ROC Curve

ROC Curve#

The receiver operating characteristic (ROC) curve is metric similar to the precision-recall curve. It plots the true positive rate (recall) versus the false negative rate (FPR, also called fall-out). The FPR is obtained by:

\(FPR = \frac{FP}{FP+TN}\)

The ROC curve can be plotted by:

# code of a previous notebook of this section
import pandas as pd
from sklearn.model_selection import train_test_split
from sklearn.model_selection import cross_val_predict
from sklearn.pipeline import make_pipeline
from sklearn.preprocessing import StandardScaler
from sklearn.compose import ColumnTransformer
from sklearn.compose import make_column_selector
import numpy as np
from sklearn.svm import SVC

data = pd.read_csv('cl1_data.csv')

train_set, test_set = train_test_split(data, test_size=0.2, random_state=42)

y_train = train_set['label']
X_train = train_set.drop(['label'], axis=1)

num_pipeline = make_pipeline(StandardScaler()) 

preprocessing = ColumnTransformer([("num",num_pipeline, make_column_selector(dtype_include=np.number))])

model_svc = make_pipeline(preprocessing, SVC(kernel='rbf', C=1.0)) 
model_svc.fit(X_train, y_train)

y_scores_svc = cross_val_predict(model_svc, X_train, y_train, cv=5, method="decision_function")

# end of code from a previous notebook of this section

from sklearn.metrics import roc_curve
import matplotlib.pyplot as plt

fpr_svc, tpr_svc, decision_func_svc = roc_curve(y_train, y_scores_svc, pos_label='group2')

plt.style.use('seaborn-v0_8')

plt.plot(fpr_svc, tpr_svc, "b", linewidth=2)

plt.xlabel("False Positive Rate (Fall-Out)", fontsize=14)
plt.ylabel("Recall (True Positive Rate)", fontsize=14)
plt.tick_params(labelsize=8)

plt.show()

../_images/4c38b1301357a2b69f13c4512f97b3b92acf0f9e93c8a5729cbd30aca3a7e4fc.png

Similar as for precision and recall, we see a trade-off between recall and FPR. Furthermore, a ROC curve on the top left corner indicates a good model which is the case for our example.
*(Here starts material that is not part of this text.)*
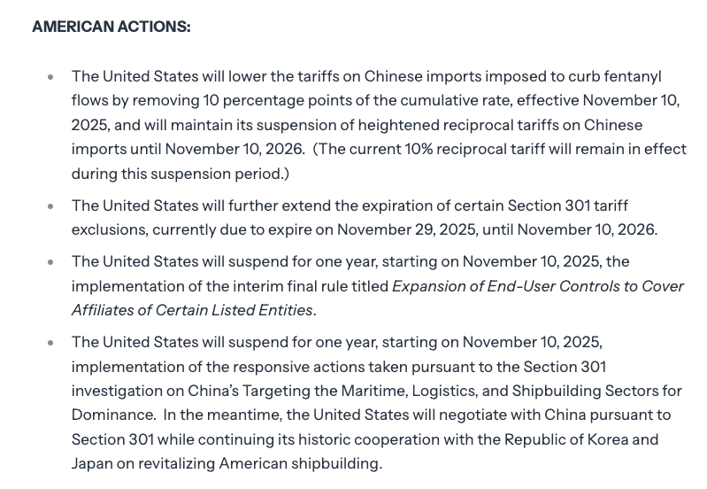 11月1日,美国政府在白宫官网正式宣布针对中国贸易政策的调整变化,包括将芬太尼关税降低10个百分点、进一步延长某些301条款关税豁免的有效期、暂停收取港口服务费等。至此,美国对中国输美商品的总体关税税率约从57%降至47%。

We can get the area under this curve as a scoring function:

from sklearn.metrics import roc_auc_score

print('Integrated ROC: %0.3f' % (roc_auc_score(y_train, y_scores_svc)))

Integrated ROC: 0.983

You should prefer the precision-recall curve for imbalanced classes (as in our example) or when you care more about false positives than false negatives. Otherwise, the ROC curve is the better choice.